▼

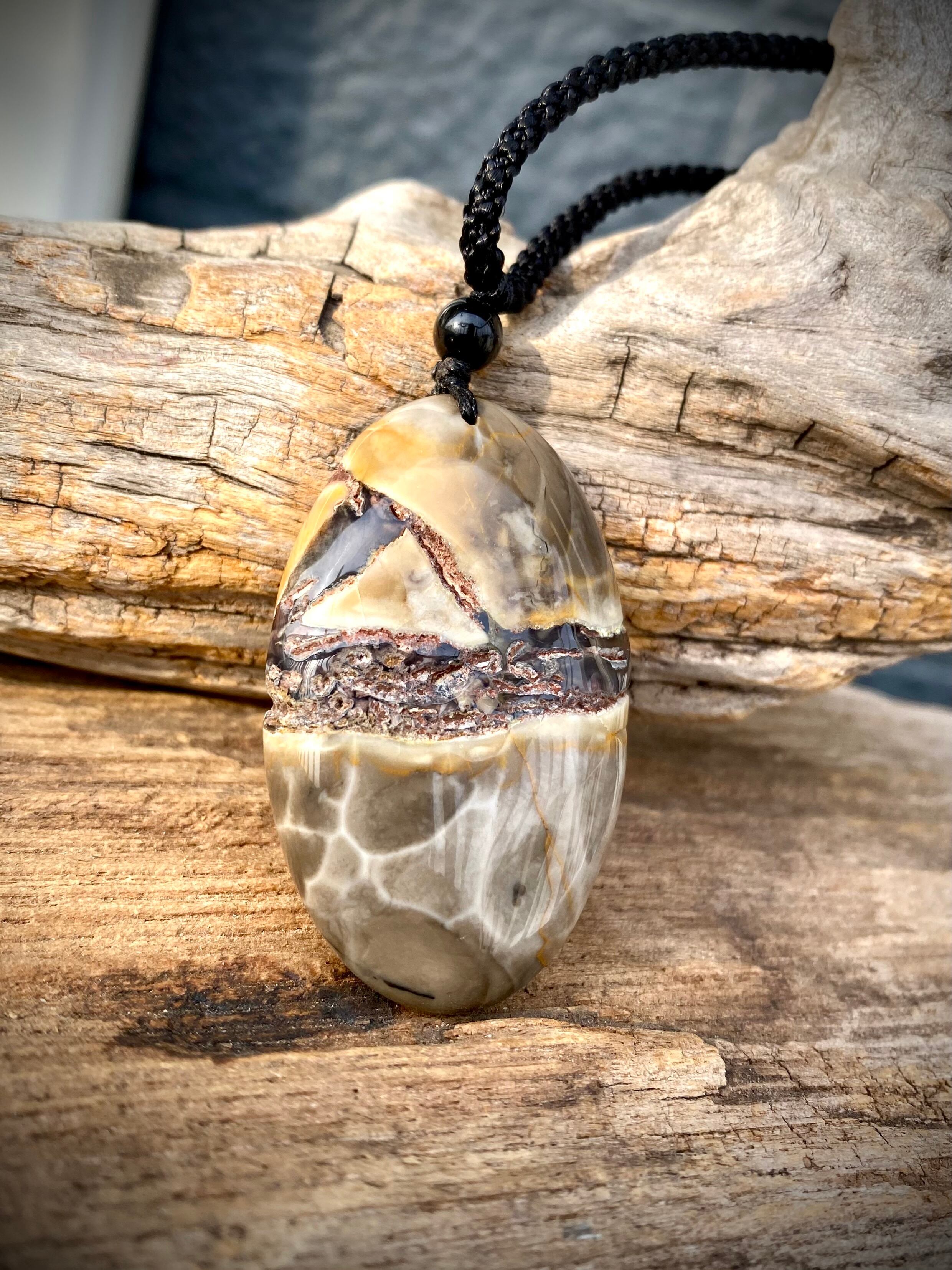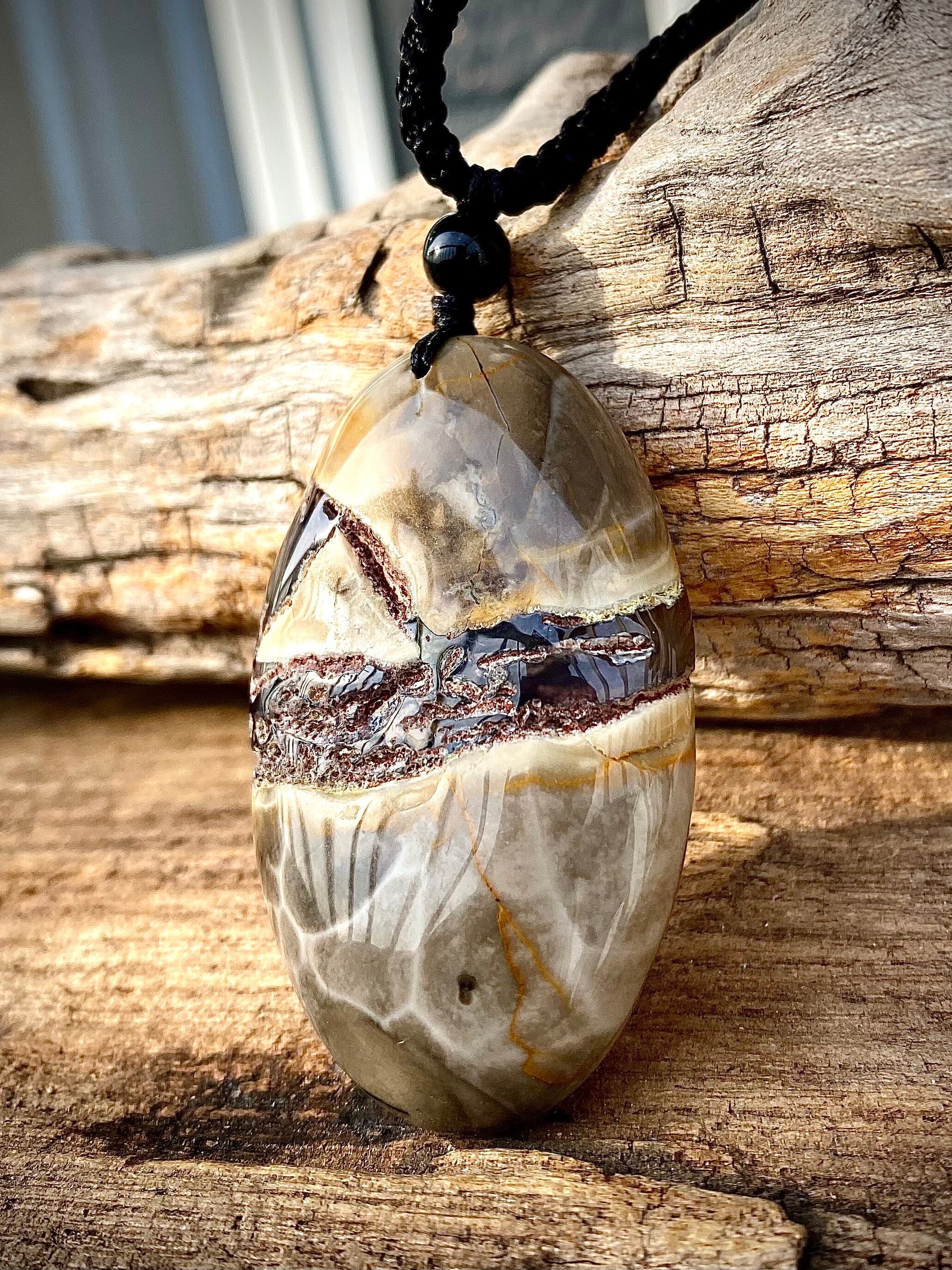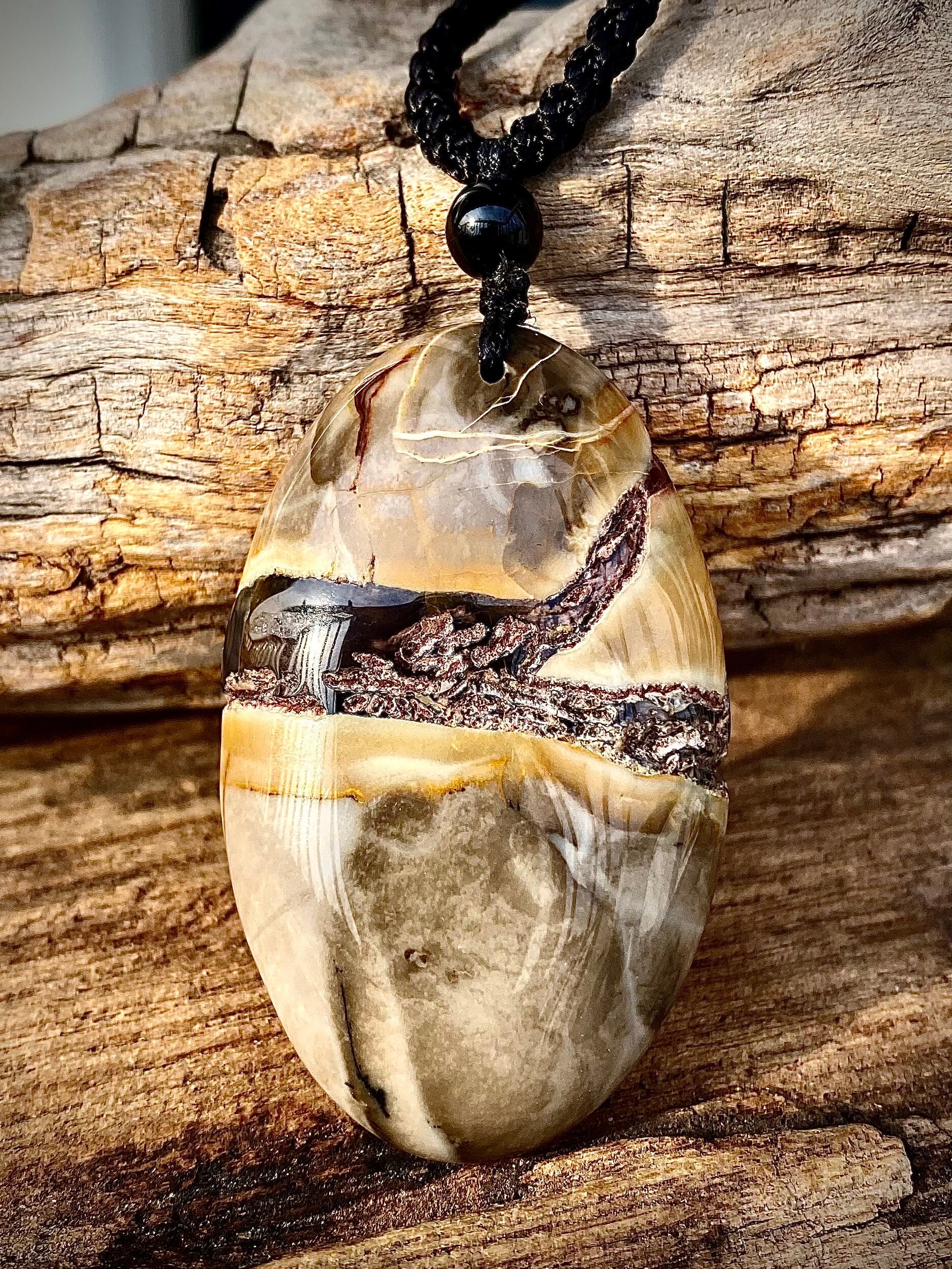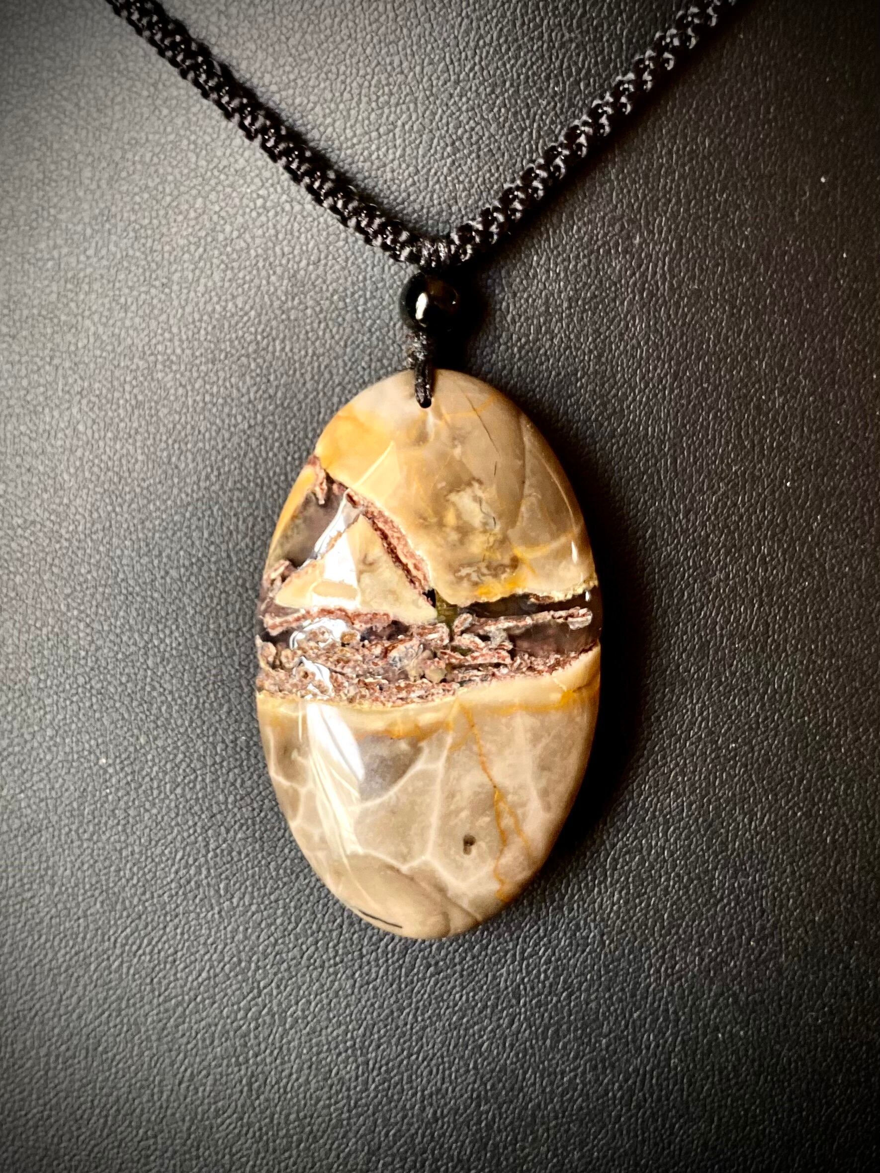 セレクトインポートしました天然石ボルケーノアゲートペンダントです。
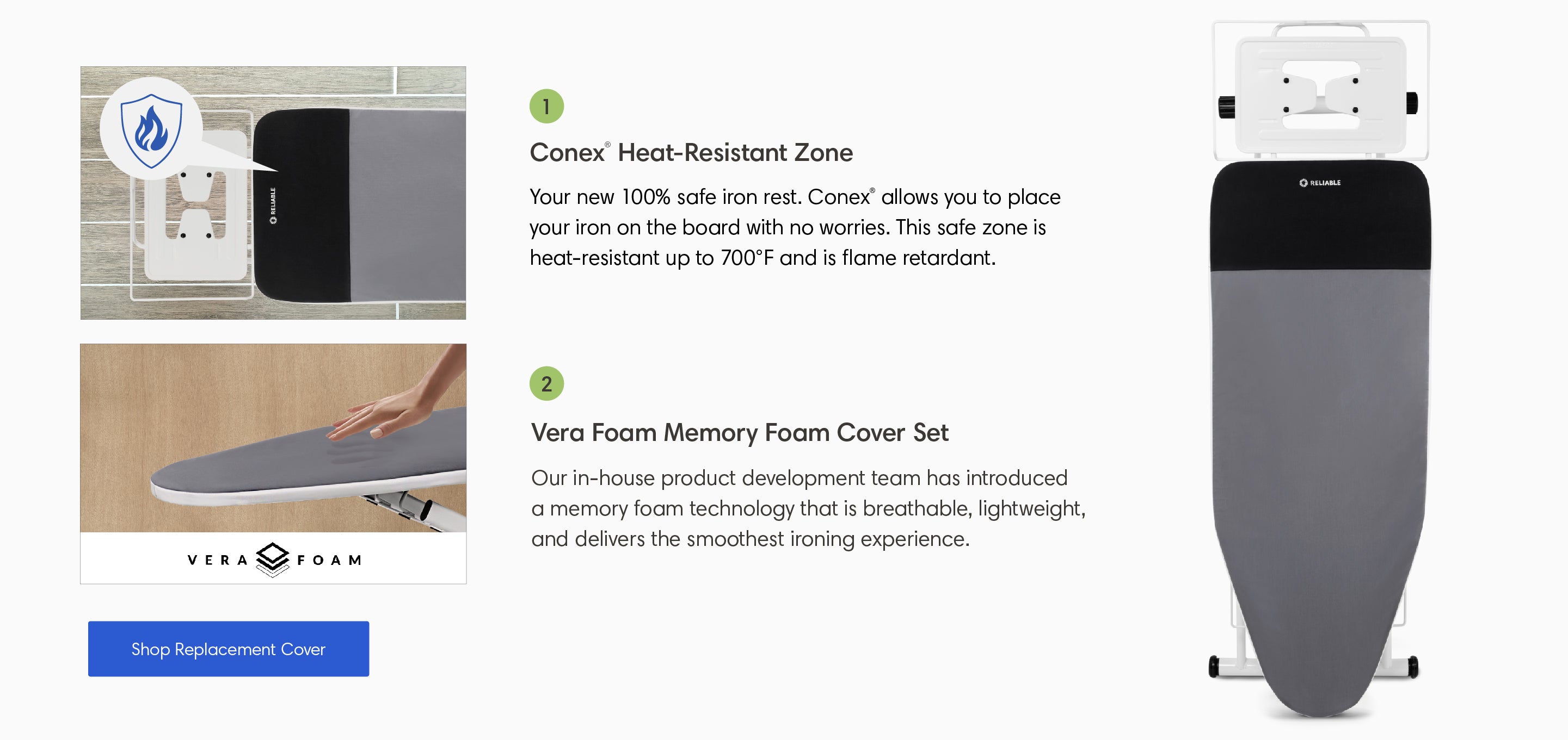 Vera Foam Memory Foam Cover Pad for Enhanced Pressing Experience with Conex® Heat-Resistant Zone for Safe and Effective Ironing
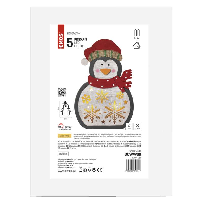 LED vánoční tučňák dřevěný, 30 cm, 2x AA, vnitřní, teplá bílá, časovač *DCWW08
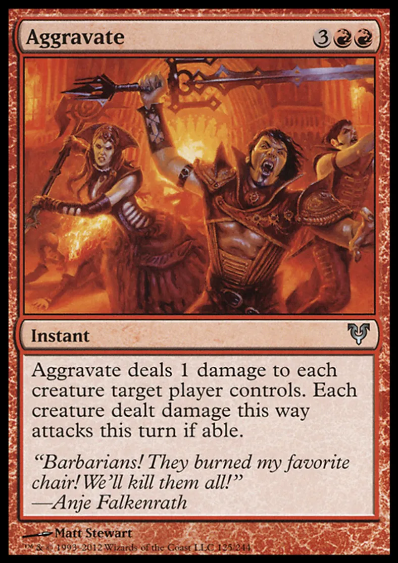 | Oracle Text | Aggravate deals 1 damage to each creature target player controls. Each creature dealt damage this way attacks this turn if able. | ||

▲

*About this task*
Set down the data above exactly as written. Omit the pictures.

*Expected answer*
 セレクトインポートしました天然石ボルケーノアゲートペンダントです。
 Vera Foam Memory Foam Cover Pad for Enhanced Pressing Experience with Conex® Heat-Resistant Zone for Safe and Effective Ironing
 LED vánoční tučňák dřevěný, 30 cm, 2x AA, vnitřní, teplá bílá, časovač *DCWW08
 | Oracle Text | Aggravate deals 1 damage to each creature target player controls. Each creature dealt damage this way attacks this turn if able. | ||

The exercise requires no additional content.